Aynı yaştayız sizinle, bir arkadaşım anlatsa ne söylerdim onu düşündüm ve öyle yazıyorum.
Karşınızdaki adamın karakterinden ve yaptıklarından bağımsız olarak hem anlattıklarınızdan hem de yorumlara verdiğiniz cevaplardan dolayı duruma bakış açınızın biraz çarpık olduğunu düşündüm. Görünen köyü görmemek için gözünüzü kapatıyorsunuz.
Size o bir şey yapmıyor, siz kendinize acı çektiriyorsunuz. Bunun nedeni üzerine kafa yorun çünkü bunu çözemezseniz yarın öbür gün bu kişiyi atlatıp başkasıyla olunca, bu sefer onu da takıntı haline getirirsiniz. Hepimizin duygusal açlıkları, boşlukları, yanlış düşünme ve davranış kalıpları var özellikle iliskiler konusunda. Ama çözmek de bizim elimizde, kimse anasının karnından harika bir duygusal olgunlukla doğmuyor.
O size ulaşıyorsa siz izin verdiğiniz için. Benim bana ulaşamasın diye telefonu numarası değiştirdiğim de oldu, tacizden dava açmakla ya da ailesine şikayet etmekle, arkadaşlarına rezil etmekle tehdit ettiğim de oldu. Tıpkı sizin gibi 19-20 yaşlarında çok aşık olduğumu düşündüğüm birine karşı yapmıştım hatta.

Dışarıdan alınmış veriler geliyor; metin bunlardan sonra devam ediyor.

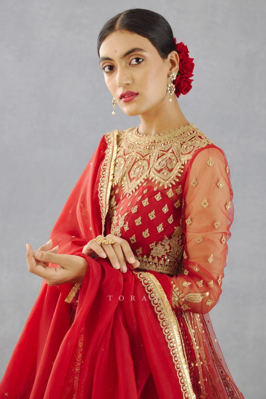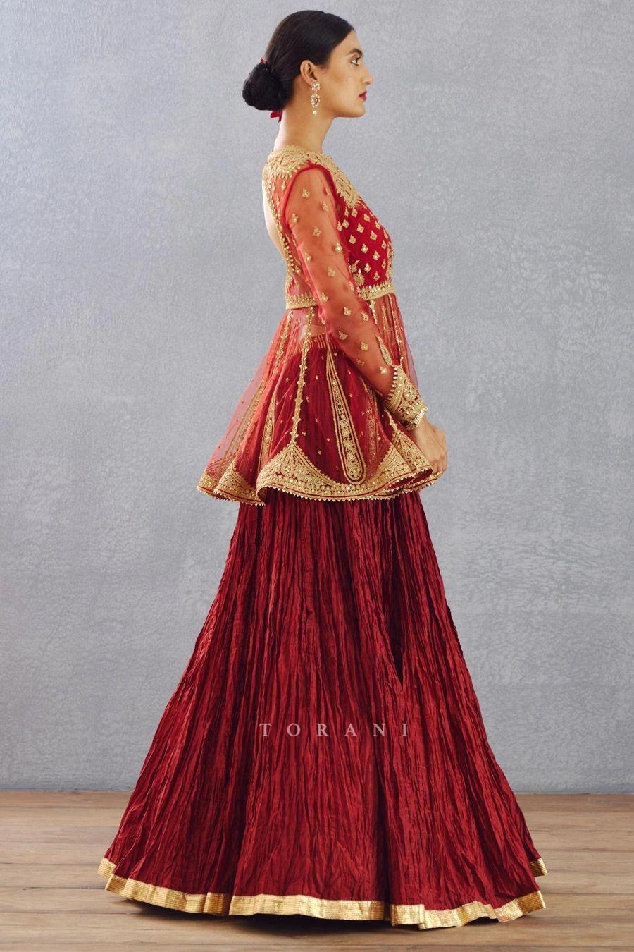 Add this ethereal ensemble to your wedding trousseau for an elegant engagement look. This set features a bright red crushed lehenga in a handwoven chanderi with a hand embroidered sheer kurta style blouse & a sheer dupatta.

Tamamen size ulaşacağı her yolu engelleyip, kapınıza gelirse de bağırıp çağırıp kovacaksınız. (Bana biri bunu yapsa bunu tacizden sayardım.) Uzun uzun duygusal açıklamalar yapmadan "Defol git" diyeceksiniz. Bu güçsüzlük değil, sınır çizmek. Asıl seneler sonra kapınıza elinde kahveyle gelen adamın teyze kızı dertlerini dinlemek güçsüzlük, eziklik olarak algılanır karşınızdaki tarafından. Emin olun yine yapacaktır çünkü neden yapmasın ki? Kuzu kuzu gidip derdini dinlemişsiniz. Siz kendi sınırınızı çizmez, değerinizi belirlemezseniz kimse maalesef saygı duymaz.
Terapi görmeniz lazım kesinlikle, bu yaşananlar normal değil. Bu kadar aşamama sebebiniz bu konuyu paylaşacak, size sacmalama diyip çekip çıkaracak arkadaş eksikliği bile olabilir diye düşündüm. İnsan baska fikirler duymayinca, kendiyle kalınca kalınca kendini de manipüle ediyor, düşünceler çarpıklaşıyor.
Umarım en kısa sürede atlatıp, daha mutlu olursunuz.